__Directions for this task__
What is needed is a word-for-word copy of the lines below from the one with "The Mama Makes" through the one with "泰嗨 颗粒按摩乳胶护颈枕 TPXO3-01", both included, with every picture left out.

** Supplied information follows **

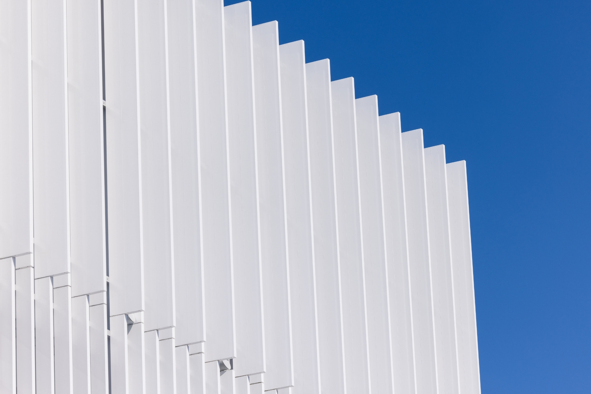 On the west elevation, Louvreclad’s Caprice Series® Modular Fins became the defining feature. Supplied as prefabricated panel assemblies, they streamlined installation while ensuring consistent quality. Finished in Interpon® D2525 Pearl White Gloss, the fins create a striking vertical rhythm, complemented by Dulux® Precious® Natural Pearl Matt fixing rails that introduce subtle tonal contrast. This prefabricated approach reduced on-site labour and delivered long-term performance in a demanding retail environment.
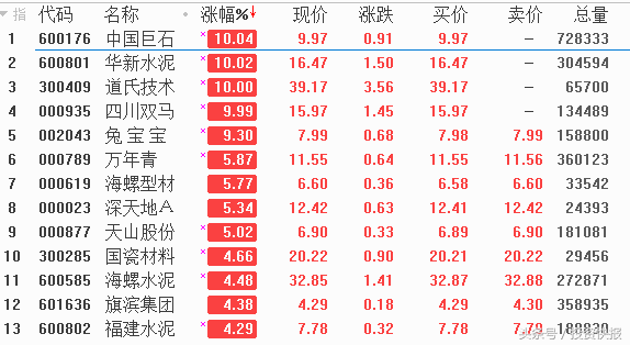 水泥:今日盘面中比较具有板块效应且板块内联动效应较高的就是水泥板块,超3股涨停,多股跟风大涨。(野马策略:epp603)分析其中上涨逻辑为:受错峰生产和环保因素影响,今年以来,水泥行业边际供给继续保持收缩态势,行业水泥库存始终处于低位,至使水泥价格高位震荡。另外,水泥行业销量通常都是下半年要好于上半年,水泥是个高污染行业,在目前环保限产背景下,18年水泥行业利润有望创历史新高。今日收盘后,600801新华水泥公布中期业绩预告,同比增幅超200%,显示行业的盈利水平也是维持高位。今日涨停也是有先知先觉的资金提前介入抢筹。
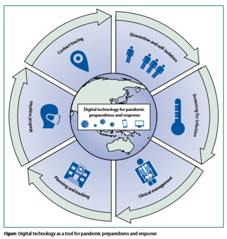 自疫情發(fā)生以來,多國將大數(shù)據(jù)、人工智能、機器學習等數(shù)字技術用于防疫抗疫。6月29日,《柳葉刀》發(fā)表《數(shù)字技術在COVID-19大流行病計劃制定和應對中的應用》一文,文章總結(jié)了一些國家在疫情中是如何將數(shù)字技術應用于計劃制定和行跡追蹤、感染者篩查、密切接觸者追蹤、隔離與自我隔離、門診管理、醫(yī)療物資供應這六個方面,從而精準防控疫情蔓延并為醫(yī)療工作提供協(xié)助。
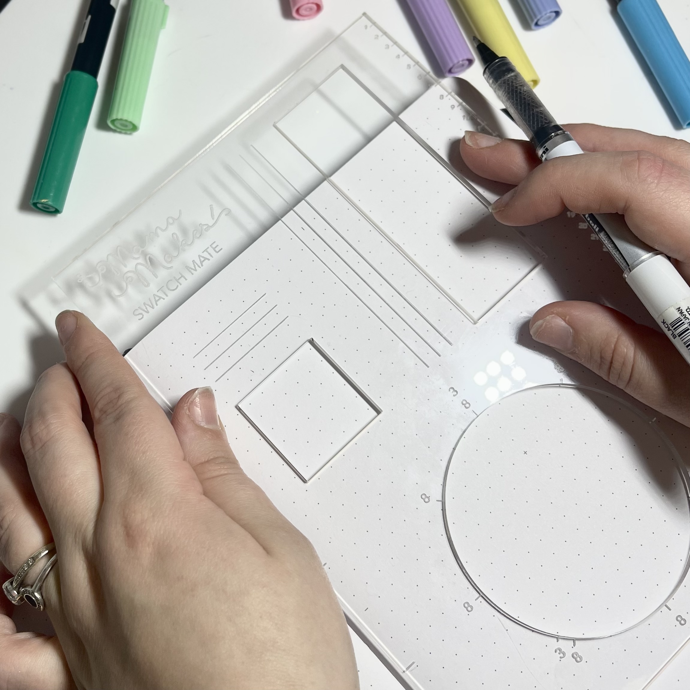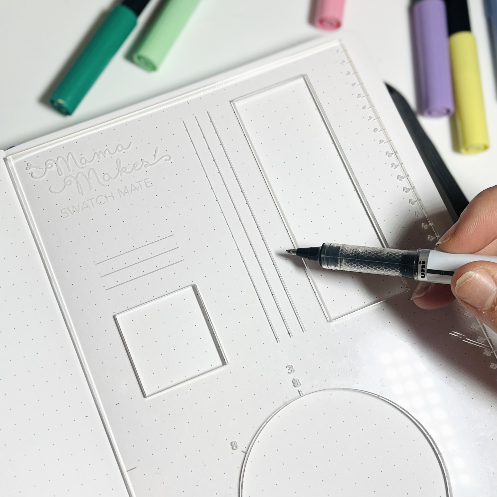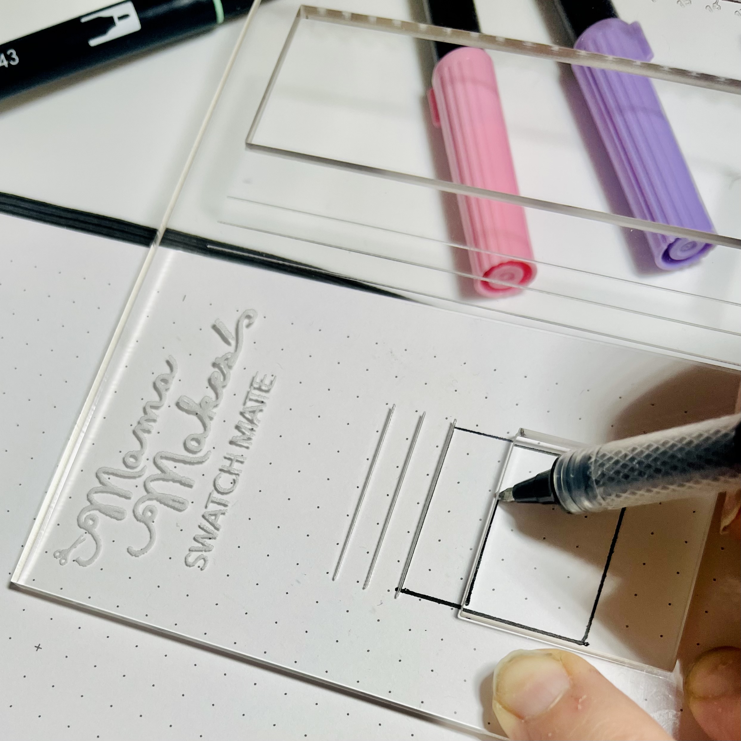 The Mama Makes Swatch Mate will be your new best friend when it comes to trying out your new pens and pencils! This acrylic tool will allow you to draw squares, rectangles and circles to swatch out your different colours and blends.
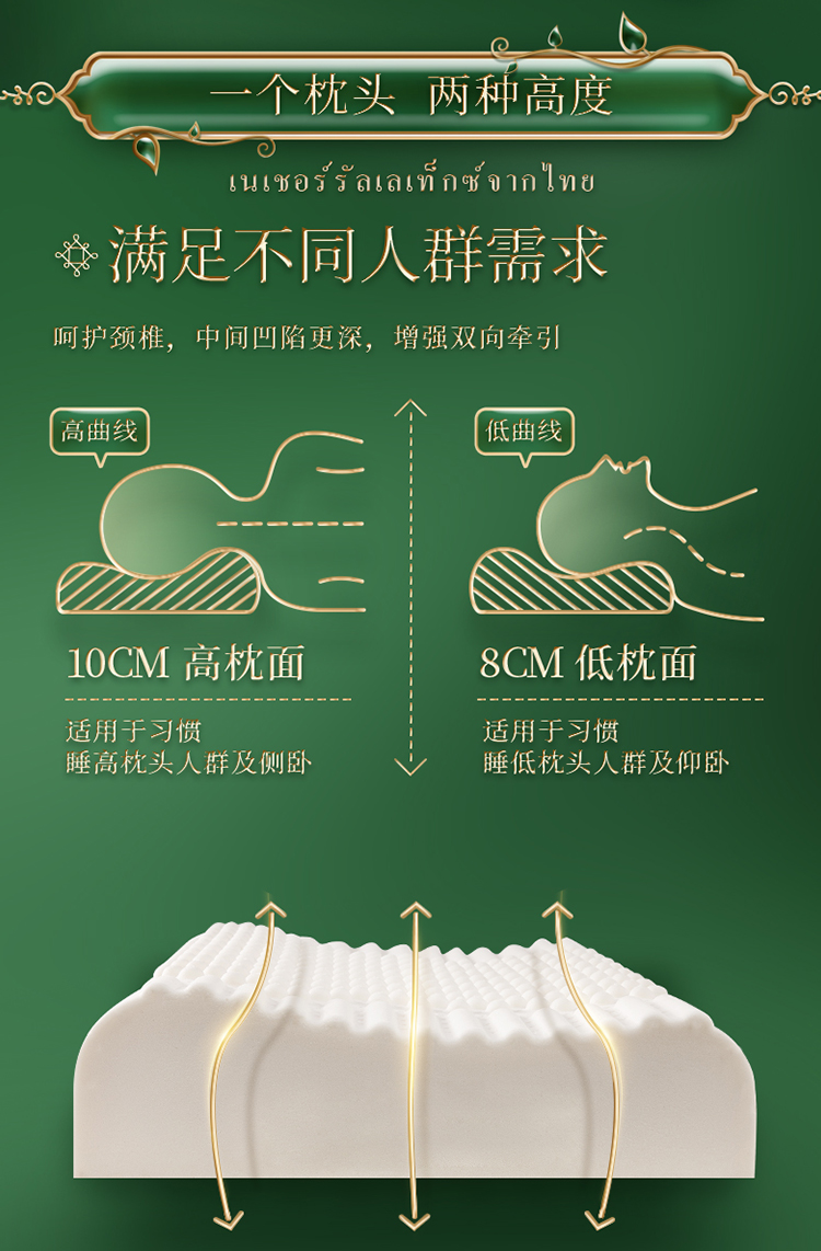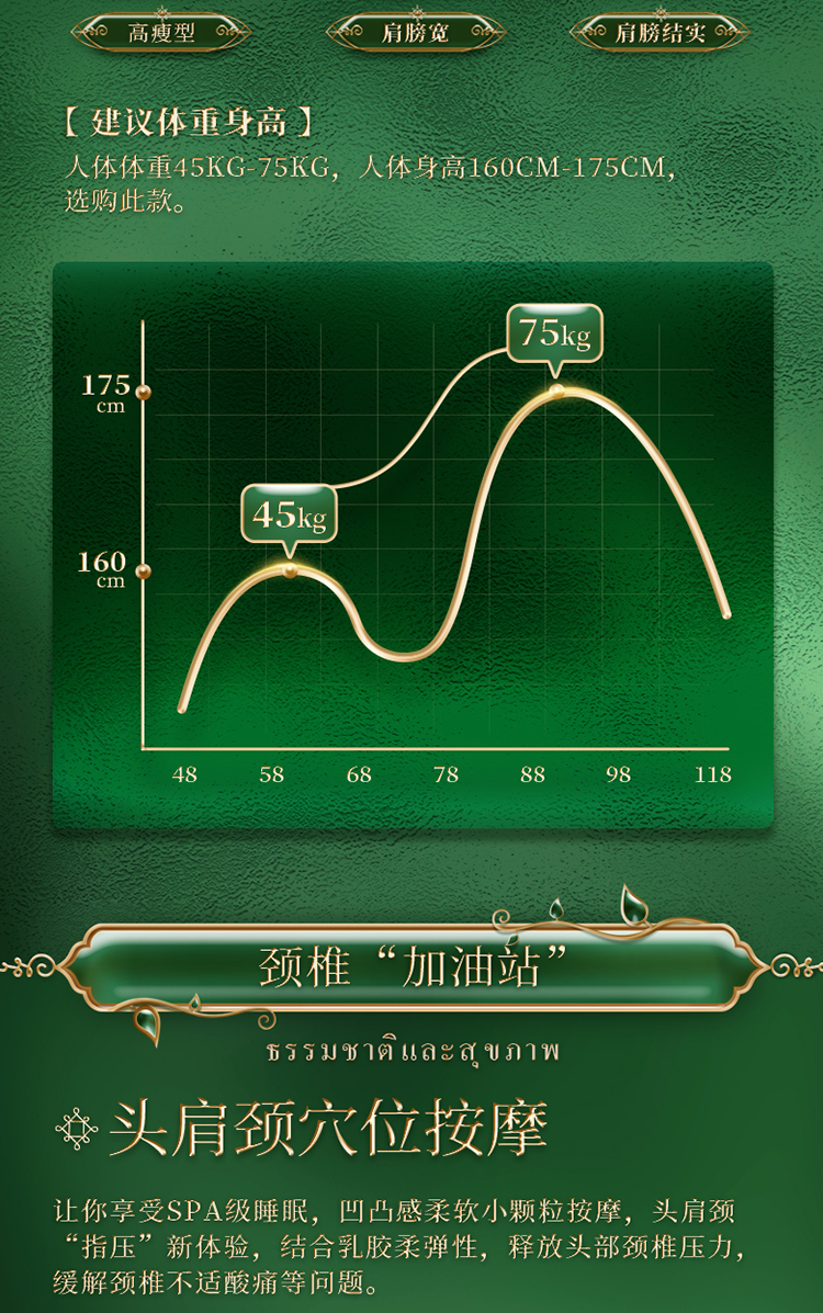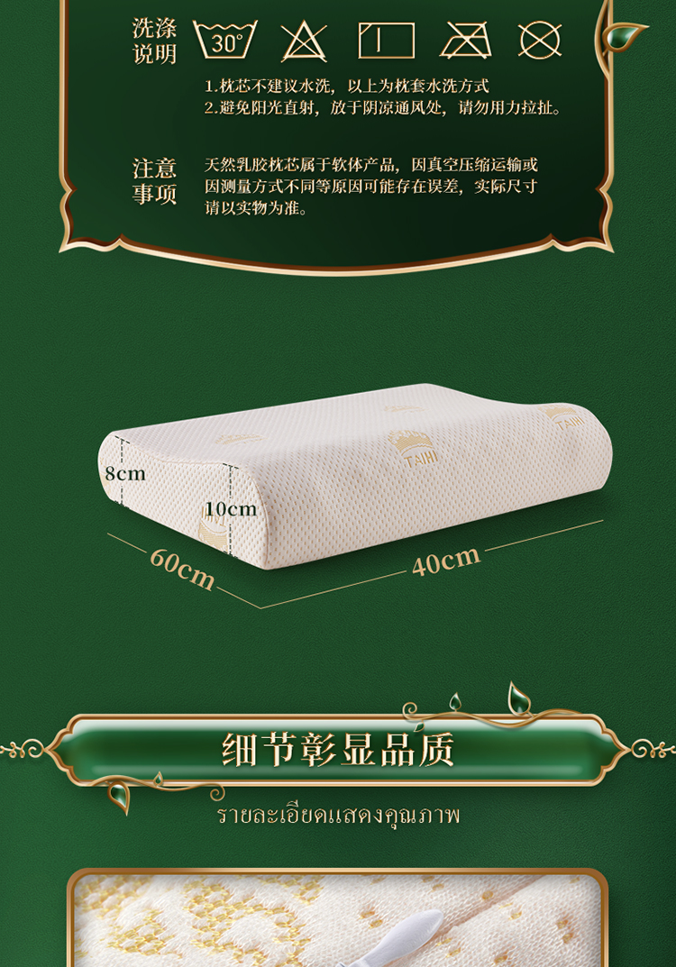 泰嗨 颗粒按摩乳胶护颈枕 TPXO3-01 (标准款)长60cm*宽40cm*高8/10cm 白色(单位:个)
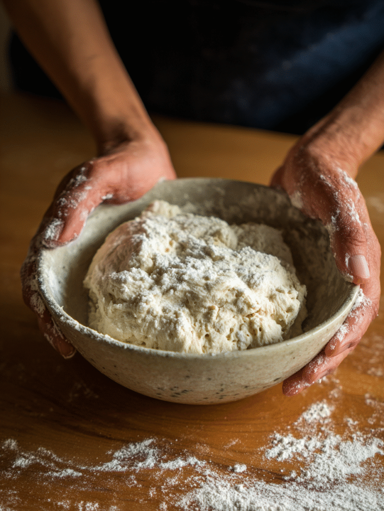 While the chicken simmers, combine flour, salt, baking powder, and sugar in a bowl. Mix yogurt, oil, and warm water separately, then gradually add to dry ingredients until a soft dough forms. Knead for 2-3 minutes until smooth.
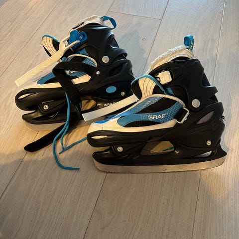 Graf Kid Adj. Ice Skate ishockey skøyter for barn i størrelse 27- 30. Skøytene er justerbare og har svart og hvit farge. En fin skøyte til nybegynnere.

** End of Supplied information **

__Task result__
 The Mama Makes Swatch Mate will be your new best friend when it comes to trying out your new pens and pencils! This acrylic tool will allow you to draw squares, rectangles and circles to swatch out your different colours and blends.
 泰嗨 颗粒按摩乳胶护颈枕 TPXO3-01 (标准款)长60cm*宽40cm*高8/10cm 白色(单位:个)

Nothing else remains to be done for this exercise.